§ **Exercise objective**:
Print out the data exactly, keeping every image out of it.

++++ Source material

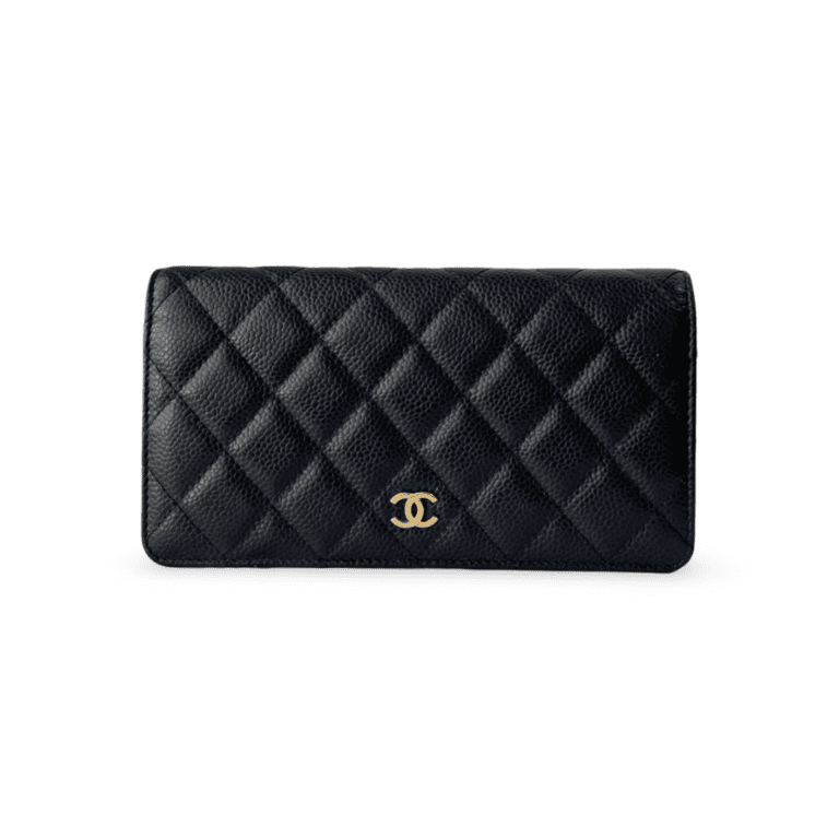 Chanel Black Quilted Caviar Leather L Yen Continental Wallet
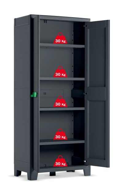 Skriňa obsahuje celkom 4 prídavné police - každá s nosnosťou až 30 kg , ktoré prídu vhod pre výrazne ťažšie predmety všetkého druhu. Možno ju teda využiť na skladovanie dielenského náradia či záhradníckych potrieb , kedy príde vhod na uloženie náčinia s dlhou násadou, ktoré by sa inam nezmestilo.
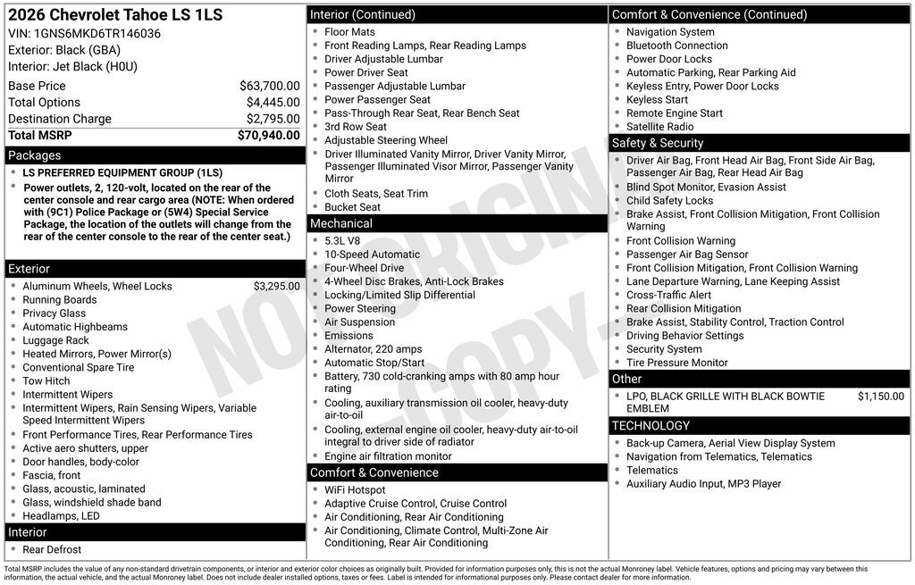 Black 2026 Chevrolet Tahoe LS 4WD Dealer Discount of $4,797 off MSRP 10-Speed Automatic with Overdrive EcoTec3 5.3L V8 8-Way Power Driver Seat Adjuster, Illuminated entry, Remote Start.
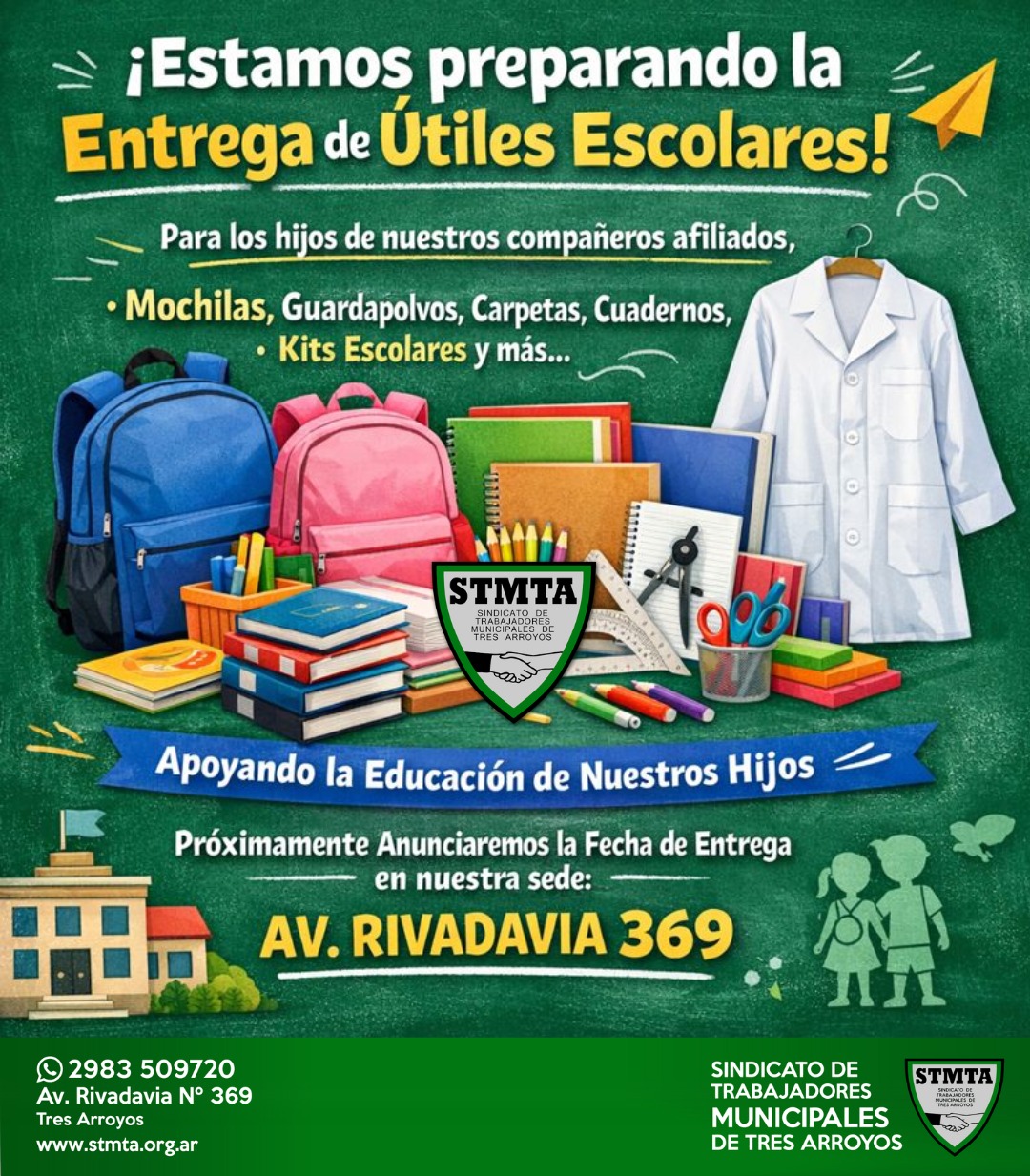 Ya estamos trabajando en la planificación para la adquisición de los elementos necesarios para la entrega de útiles escolares para los hijos de nuestros compañeros afiliados. Los kits a entregar incluyen mochilas, guardapolvos, carpetas, repuestos de hojas, cuadernos, kits de geometría, etc.

++++++++

§ **Your solution**:
 Chanel Black Quilted Caviar Leather L Yen Continental Wallet
 Skriňa obsahuje celkom 4 prídavné police - každá s nosnosťou až 30 kg , ktoré prídu vhod pre výrazne ťažšie predmety všetkého druhu. Možno ju teda využiť na skladovanie dielenského náradia či záhradníckych potrieb , kedy príde vhod na uloženie náčinia s dlhou násadou, ktoré by sa inam nezmestilo.
 Black 2026 Chevrolet Tahoe LS 4WD Dealer Discount of $4,797 off MSRP 10-Speed Automatic with Overdrive EcoTec3 5.3L V8 8-Way Power Driver Seat Adjuster, Illuminated entry, Remote Start.
 Ya estamos trabajando en la planificación para la adquisición de los elementos necesarios para la entrega de útiles escolares para los hijos de nuestros compañeros afiliados. Los kits a entregar incluyen mochilas, guardapolvos, carpetas, repuestos de hojas, cuadernos, kits de geometría, etc.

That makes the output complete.